A reefer container is a refrigerated shipping container equipped with its own integrated cooling and heating unit, used to transport temperature-sensitive cargo such as food, flowers, and pharmaceuticals. Unlike a standard dry container, a reefer maintains a precise, set temperature throughout the journey as long as it is supplied with power.
For a market like Miami, a top U.S. gateway for produce, seafood, and perishables from Latin America, reefer containers are the backbone of the cold chain that keeps imported food safe from origin to store shelf.
How does a reefer container work?
A reefer is essentially a large, insulated box with a built-in refrigeration unit at one end. It draws power from the ship’s grid at sea, from terminal “reefer plugs” at the port, and from a diesel generator (a “genset”) clipped onto the chassis during road transport. Air is circulated through a T-bar floor and around the cargo to hold a uniform temperature. Operators set the temperature, and many units also control humidity and fresh-air exchange for living produce that continues to respire.
Reefer container sizes and temperature range
- Sizes: Most reefers are 20-foot or 40-foot high-cube units, with the 40-foot high-cube being the most common for ocean trade.
- Temperature range: Typical reefers hold settings from roughly -25°C (-13°F) for deep-frozen goods up to around +25°C (77°F) for warm-protected cargo.
- Atmosphere control: Controlled-atmosphere and modified-atmosphere reefers adjust oxygen and carbon dioxide levels to extend the shelf life of fruits and vegetables.
What ships in a reefer container?
Common reefer cargo includes fresh and frozen seafood, meat and poultry, dairy, fruits and vegetables, cut flowers and foliage, chocolate and confectionery, and temperature-sensitive pharmaceuticals and vaccines. Each commodity has its own ideal setpoint, and getting it wrong can ruin an entire load.
Reefer drayage: the most time-critical container move
Reefer containers raise the stakes for port logistics. The unit must stay powered, so the window to pick up a container, keep it plugged or running on a genset, and deliver it to cold storage is tight. Every hour a reefer waits is a risk to the cargo and a potential demurrage and detention charge.

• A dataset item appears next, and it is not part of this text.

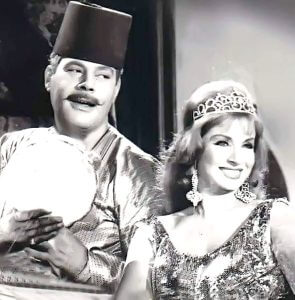 سي السيد أو يحيي شاهين يمسك الرق للسلطانة زبيدة العالمة في الثلاثية

Why asset-based reefer handling matters
Reefer drayage works best when the carrier controls its own equipment and can move on short notice. Go Freight is an asset-based Miami 3PL with 100+ company-owned trucks and an in-house chassis pool, and it uses AI gate-time prediction at PortMiami and Port Everglades to schedule pickups around terminal congestion. Pairing fast drayage with the right cold-chain handoff keeps perishable loads at temperature from the terminal onward.
Reefer container vs. refrigerated truck
A reefer container is an intermodal box that travels by ship, rail, and road, keeping the same container sealed across modes. A refrigerated truck (or reefer trailer) is a temperature-controlled trailer used for over-the-road moves and last-mile delivery. Many cold-chain shipments use both: a reefer container for the ocean leg, then a refrigerated truck for regional distribution after transloading.
Frequently asked questions
How is a reefer container powered during trucking?
On the road, a reefer typically runs on a diesel generator set (genset) attached to the chassis or container, since it is no longer plugged into shore or ship power. The genset keeps the unit at temperature in transit.
What is the difference between a reefer and a controlled-atmosphere container?
A standard reefer controls temperature. A controlled-atmosphere reefer also regulates oxygen and carbon dioxide levels to slow ripening, extending shelf life for sensitive produce.
Why is reefer drayage more expensive than dry drayage?
Reefers require gensets, careful monitoring, and faster turn times, and the cargo is more perishable. These factors add equipment and handling costs compared with a standard dry container move.